_Work request_
In the listing that follows, print every line exactly and leave the images out.
--- START ---
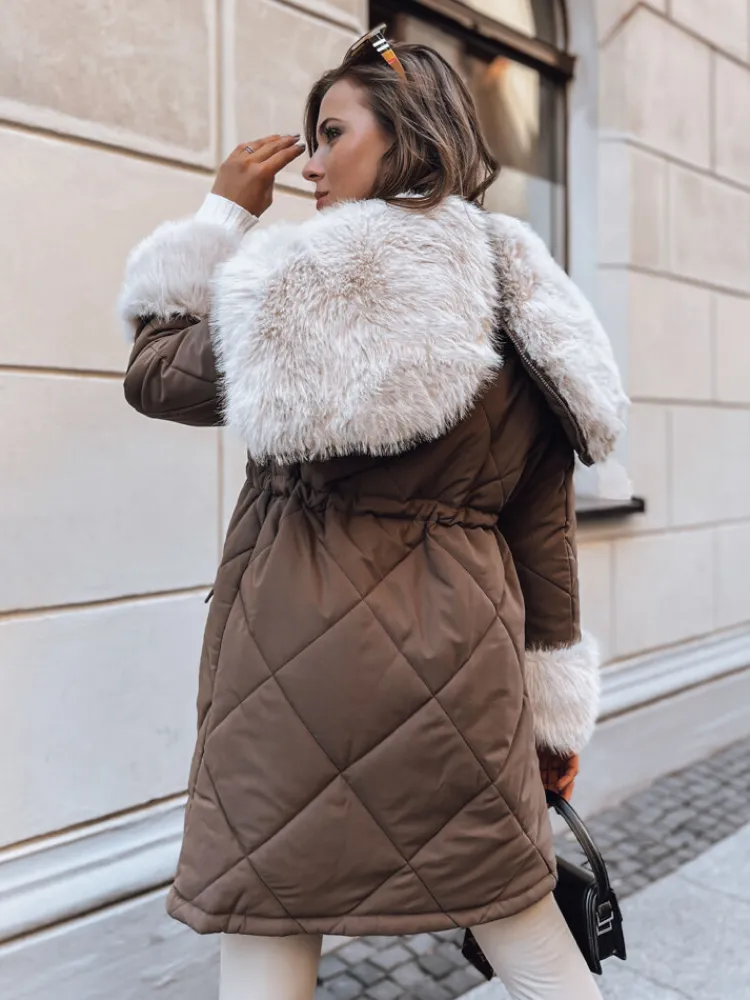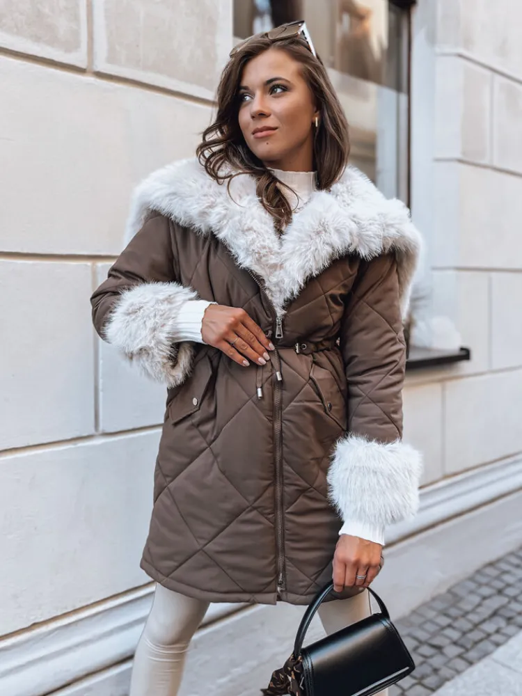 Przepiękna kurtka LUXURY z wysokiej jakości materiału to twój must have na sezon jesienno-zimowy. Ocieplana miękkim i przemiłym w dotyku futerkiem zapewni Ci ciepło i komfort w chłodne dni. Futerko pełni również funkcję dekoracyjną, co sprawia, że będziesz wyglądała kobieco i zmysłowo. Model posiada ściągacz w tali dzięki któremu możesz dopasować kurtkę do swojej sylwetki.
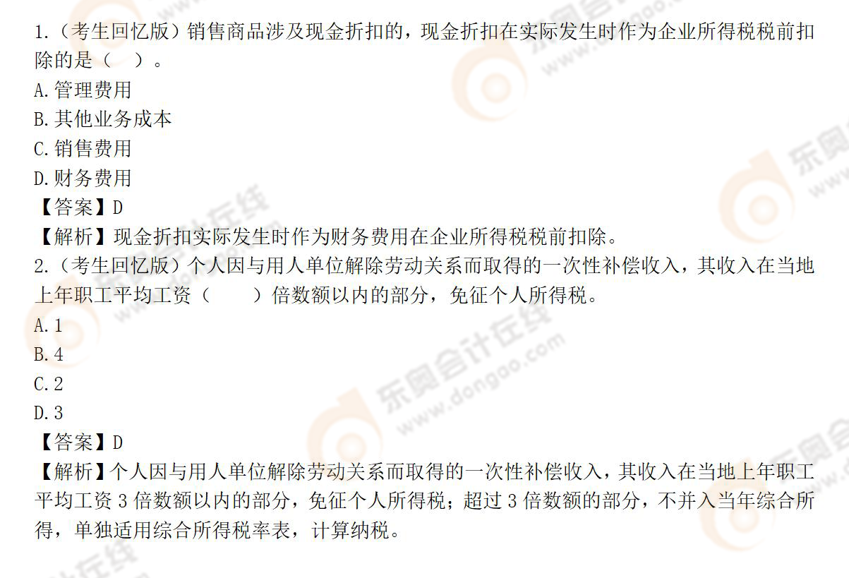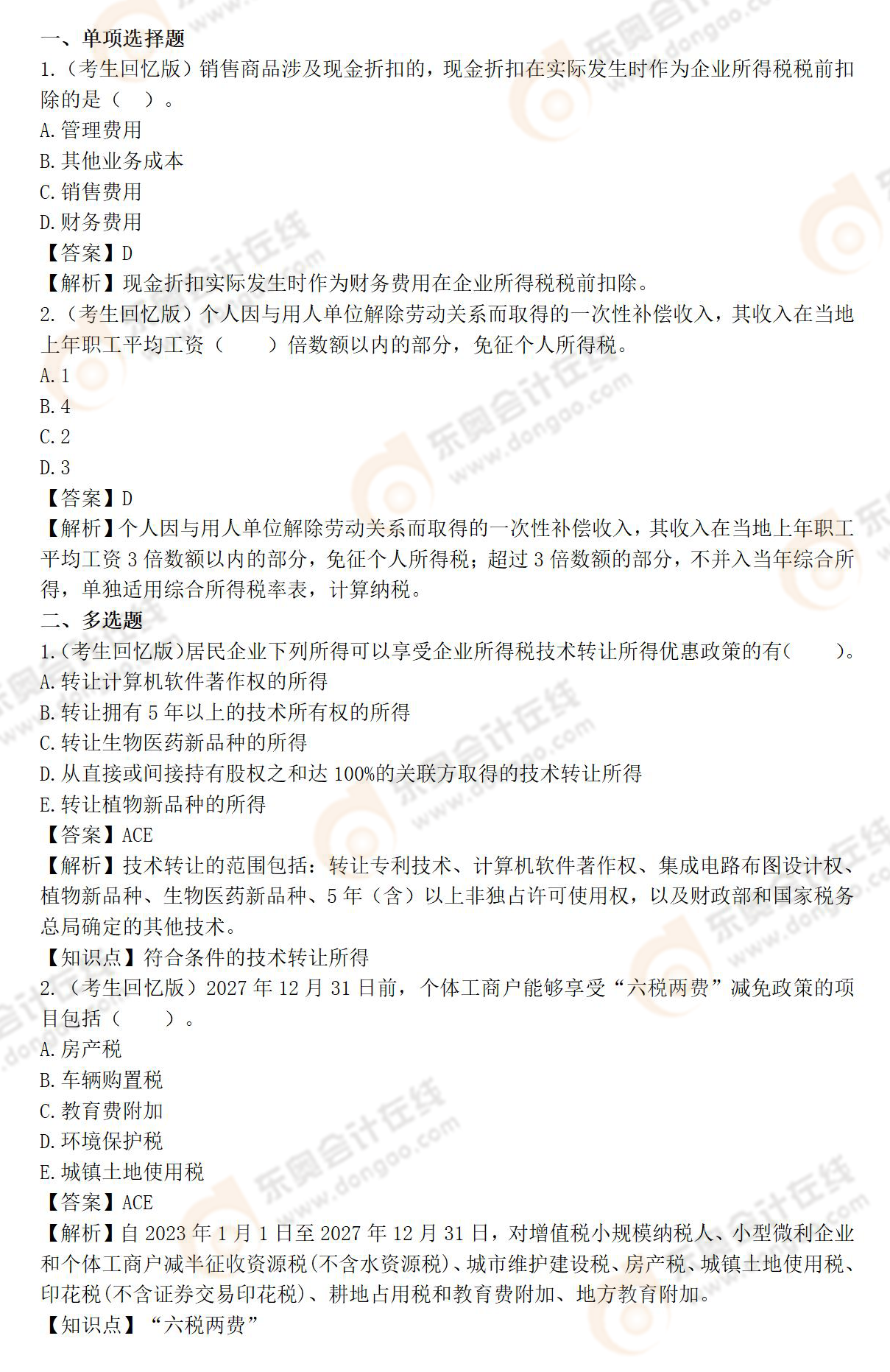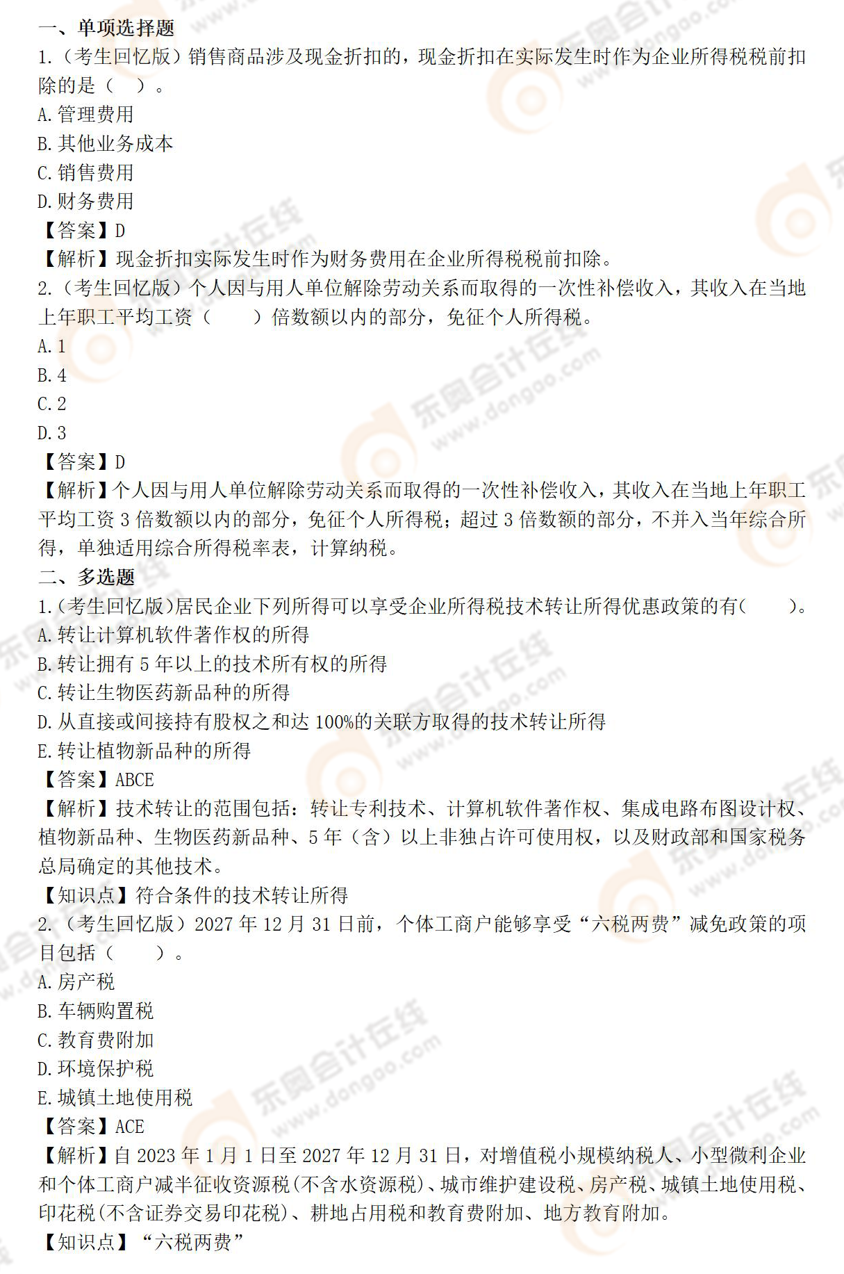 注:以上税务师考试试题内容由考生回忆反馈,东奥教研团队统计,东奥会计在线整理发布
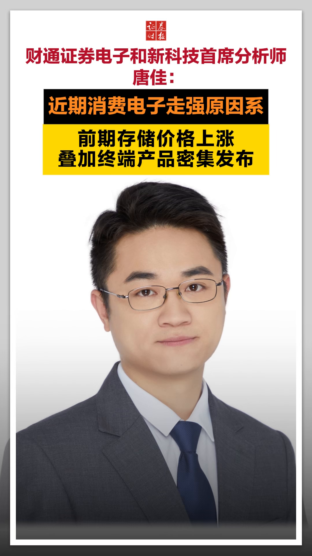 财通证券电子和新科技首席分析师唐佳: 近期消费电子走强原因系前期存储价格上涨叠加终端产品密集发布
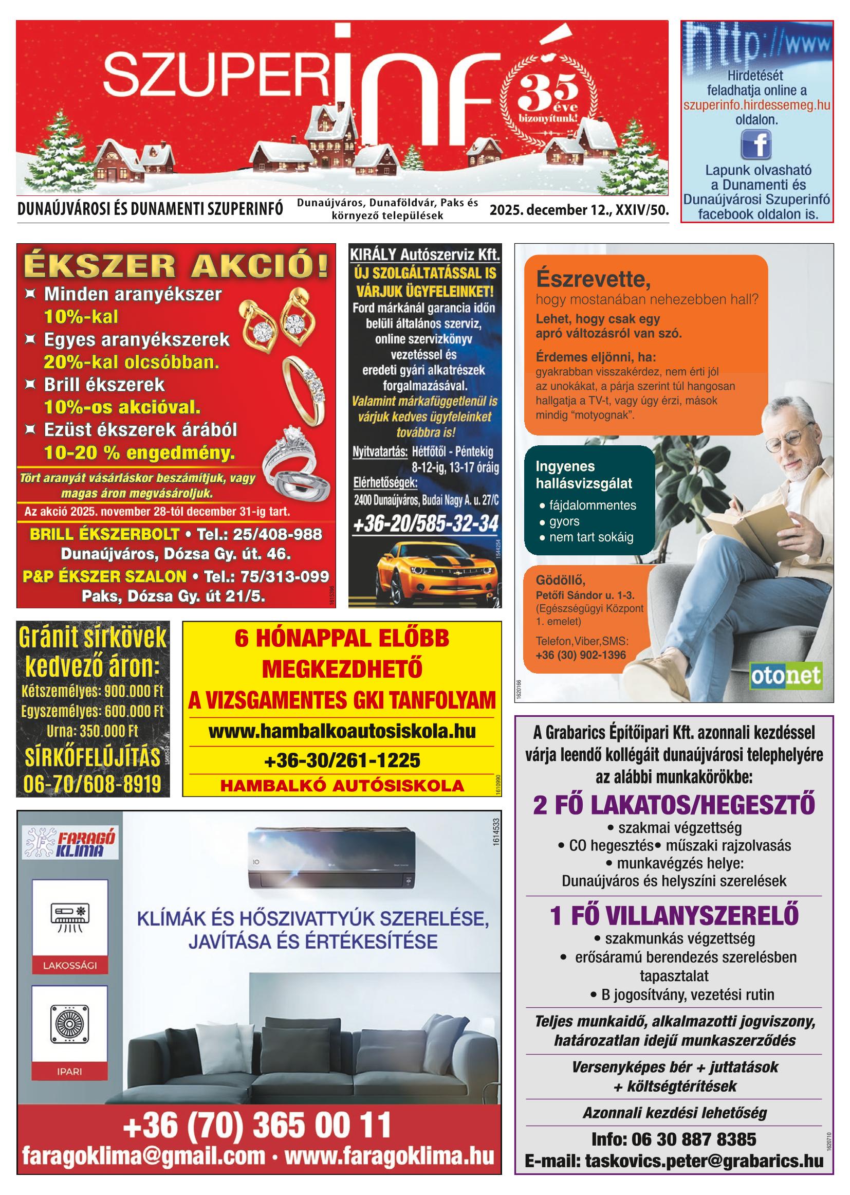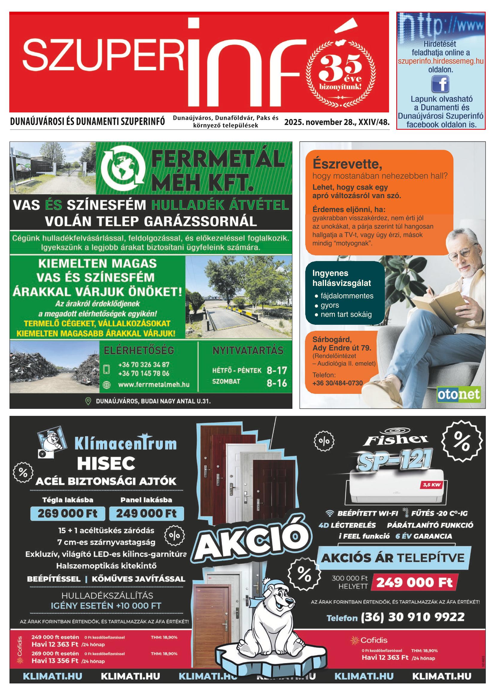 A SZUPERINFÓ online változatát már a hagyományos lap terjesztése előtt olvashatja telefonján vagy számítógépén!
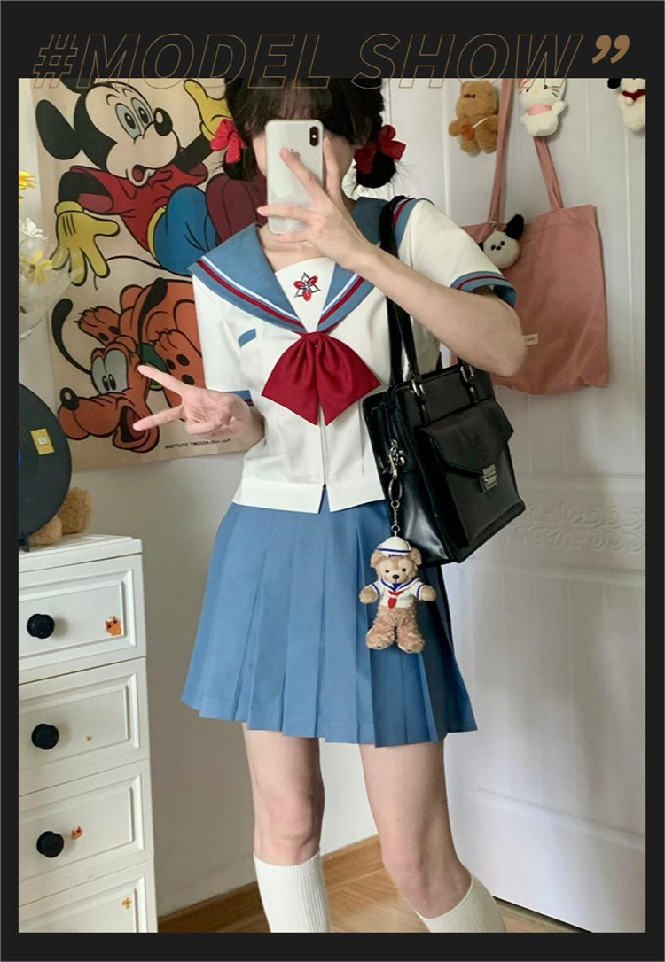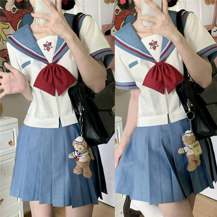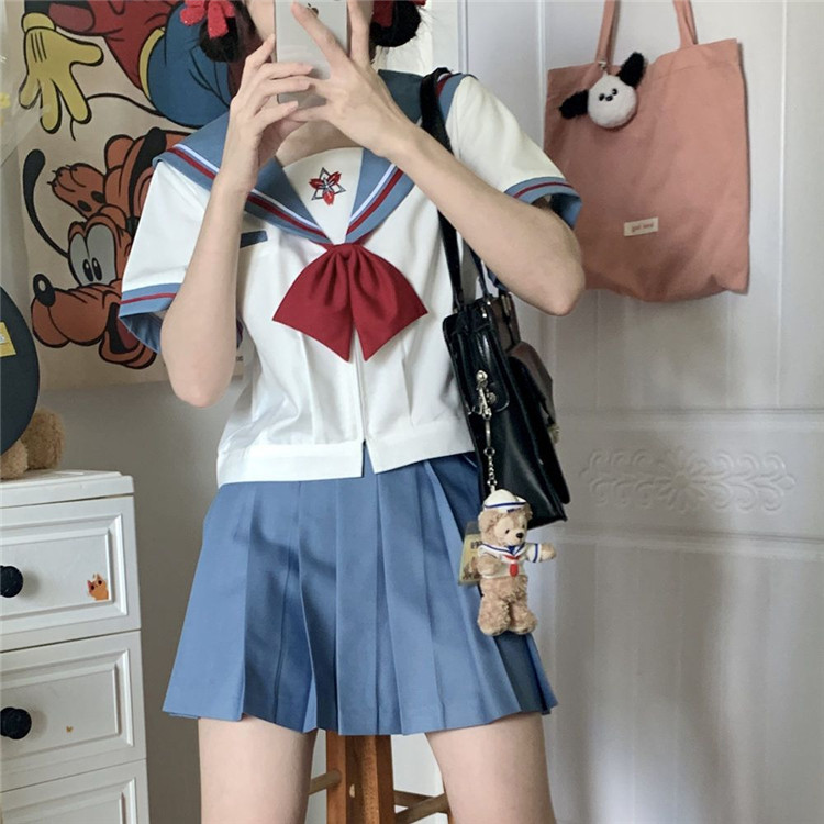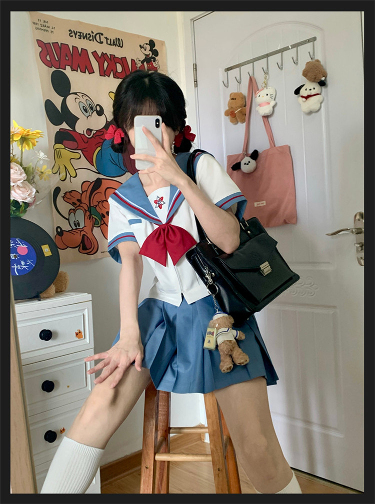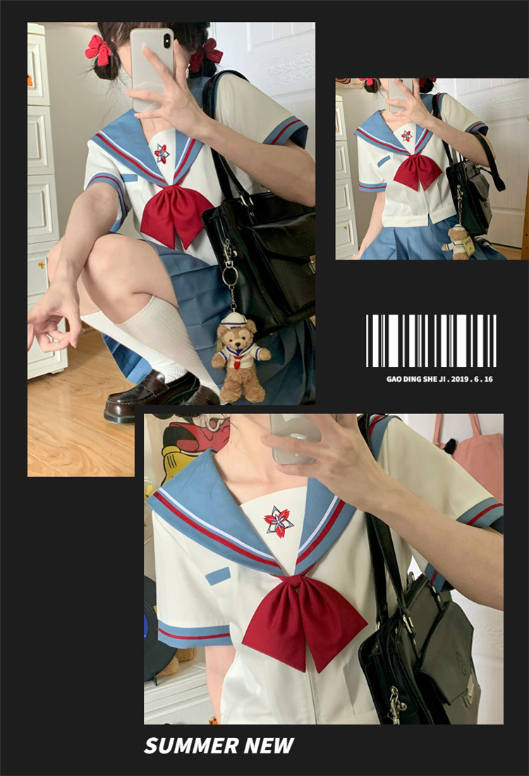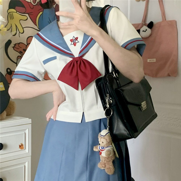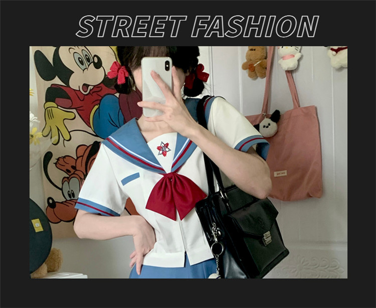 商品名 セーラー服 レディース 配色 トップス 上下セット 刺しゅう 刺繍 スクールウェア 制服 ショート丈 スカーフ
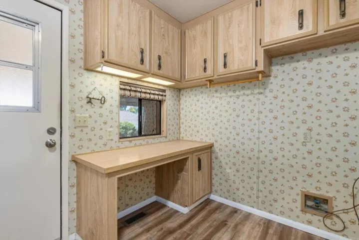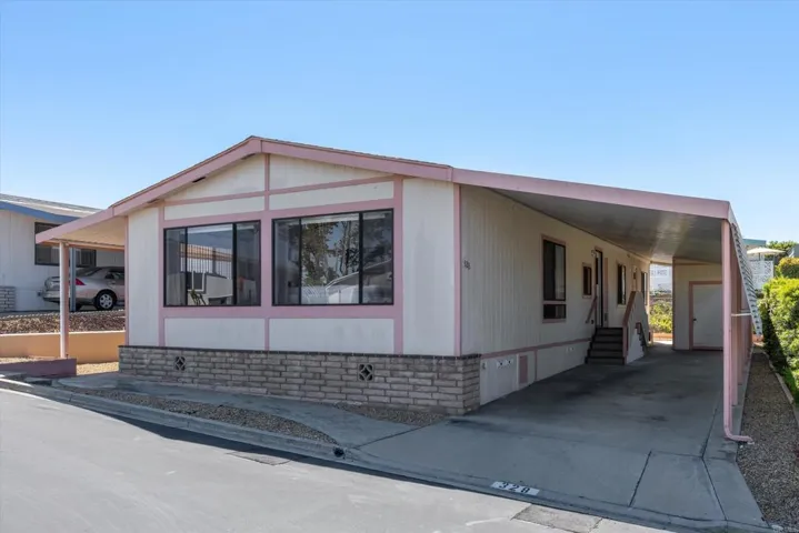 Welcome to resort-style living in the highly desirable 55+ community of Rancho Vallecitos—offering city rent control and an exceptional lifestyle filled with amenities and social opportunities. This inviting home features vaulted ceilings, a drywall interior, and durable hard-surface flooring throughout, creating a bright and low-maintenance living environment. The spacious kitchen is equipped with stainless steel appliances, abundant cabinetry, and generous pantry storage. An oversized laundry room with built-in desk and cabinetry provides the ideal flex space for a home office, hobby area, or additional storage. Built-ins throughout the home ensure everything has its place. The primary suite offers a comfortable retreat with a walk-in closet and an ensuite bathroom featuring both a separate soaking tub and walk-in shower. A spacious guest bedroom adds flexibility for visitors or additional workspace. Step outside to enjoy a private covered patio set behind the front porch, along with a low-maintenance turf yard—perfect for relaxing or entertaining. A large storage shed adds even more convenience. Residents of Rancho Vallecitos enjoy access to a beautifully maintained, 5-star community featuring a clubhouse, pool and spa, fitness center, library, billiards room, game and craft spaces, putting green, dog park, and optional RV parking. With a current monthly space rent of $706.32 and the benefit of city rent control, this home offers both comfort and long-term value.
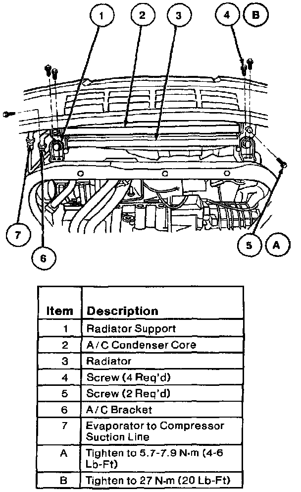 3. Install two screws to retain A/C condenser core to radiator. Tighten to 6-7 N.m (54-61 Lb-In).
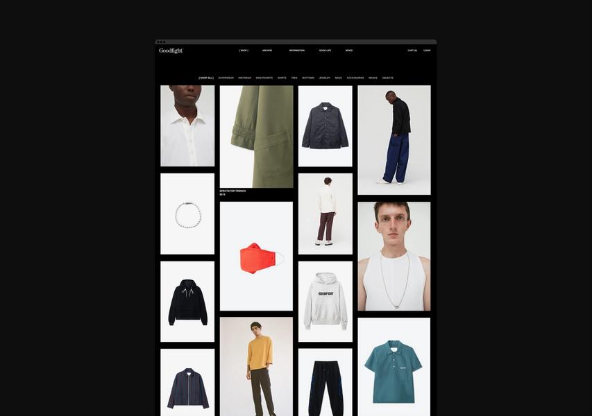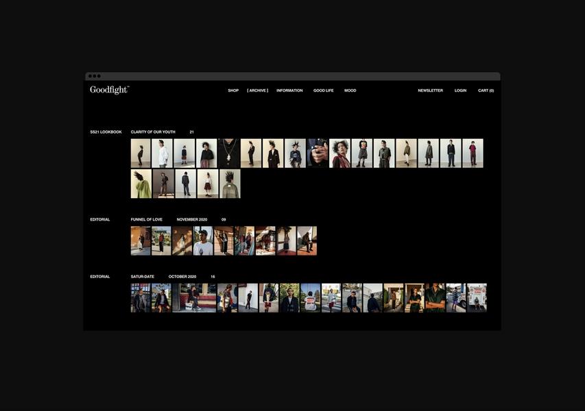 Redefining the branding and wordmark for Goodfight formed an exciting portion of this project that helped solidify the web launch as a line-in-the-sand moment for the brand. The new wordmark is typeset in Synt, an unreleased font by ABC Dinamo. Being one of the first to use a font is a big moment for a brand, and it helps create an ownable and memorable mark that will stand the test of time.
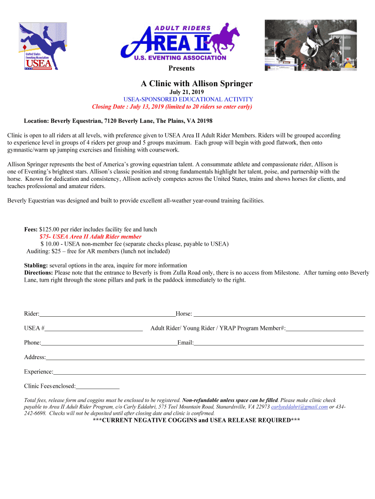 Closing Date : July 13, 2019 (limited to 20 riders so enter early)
--- END ---
_Response for this exercise_
 Przepiękna kurtka LUXURY z wysokiej jakości materiału to twój must have na sezon jesienno-zimowy. Ocieplana miękkim i przemiłym w dotyku futerkiem zapewni Ci ciepło i komfort w chłodne dni. Futerko pełni również funkcję dekoracyjną, co sprawia, że będziesz wyglądała kobieco i zmysłowo. Model posiada ściągacz w tali dzięki któremu możesz dopasować kurtkę do swojej sylwetki.
 注:以上税务师考试试题内容由考生回忆反馈,东奥教研团队统计,东奥会计在线整理发布
 财通证券电子和新科技首席分析师唐佳: 近期消费电子走强原因系前期存储价格上涨叠加终端产品密集发布
 A SZUPERINFÓ online változatát már a hagyományos lap terjesztése előtt olvashatja telefonján vagy számítógépén!
 商品名 セーラー服 レディース 配色 トップス 上下セット 刺しゅう 刺繍 スクールウェア 制服 ショート丈 スカーフ
 Welcome to resort-style living in the highly desirable 55+ community of Rancho Vallecitos—offering city rent control and an exceptional lifestyle filled with amenities and social opportunities. This inviting home features vaulted ceilings, a drywall interior, and durable hard-surface flooring throughout, creating a bright and low-maintenance living environment. The spacious kitchen is equipped with stainless steel appliances, abundant cabinetry, and generous pantry storage. An oversized laundry room with built-in desk and cabinetry provides the ideal flex space for a home office, hobby area, or additional storage. Built-ins throughout the home ensure everything has its place. The primary suite offers a comfortable retreat with a walk-in closet and an ensuite bathroom featuring both a separate soaking tub and walk-in shower. A spacious guest bedroom adds flexibility for visitors or additional workspace. Step outside to enjoy a private covered patio set behind the front porch, along with a low-maintenance turf yard—perfect for relaxing or entertaining. A large storage shed adds even more convenience. Residents of Rancho Vallecitos enjoy access to a beautifully maintained, 5-star community featuring a clubhouse, pool and spa, fitness center, library, billiards room, game and craft spaces, putting green, dog park, and optional RV parking. With a current monthly space rent of $706.32 and the benefit of city rent control, this home offers both comfort and long-term value.
 3. Install two screws to retain A/C condenser core to radiator. Tighten to 6-7 N.m (54-61 Lb-In).
 Redefining the branding and wordmark for Goodfight formed an exciting portion of this project that helped solidify the web launch as a line-in-the-sand moment for the brand. The new wordmark is typeset in Synt, an unreleased font by ABC Dinamo. Being one of the first to use a font is a big moment for a brand, and it helps create an ownable and memorable mark that will stand the test of time.
 Closing Date : July 13, 2019 (limited to 20 riders so enter early)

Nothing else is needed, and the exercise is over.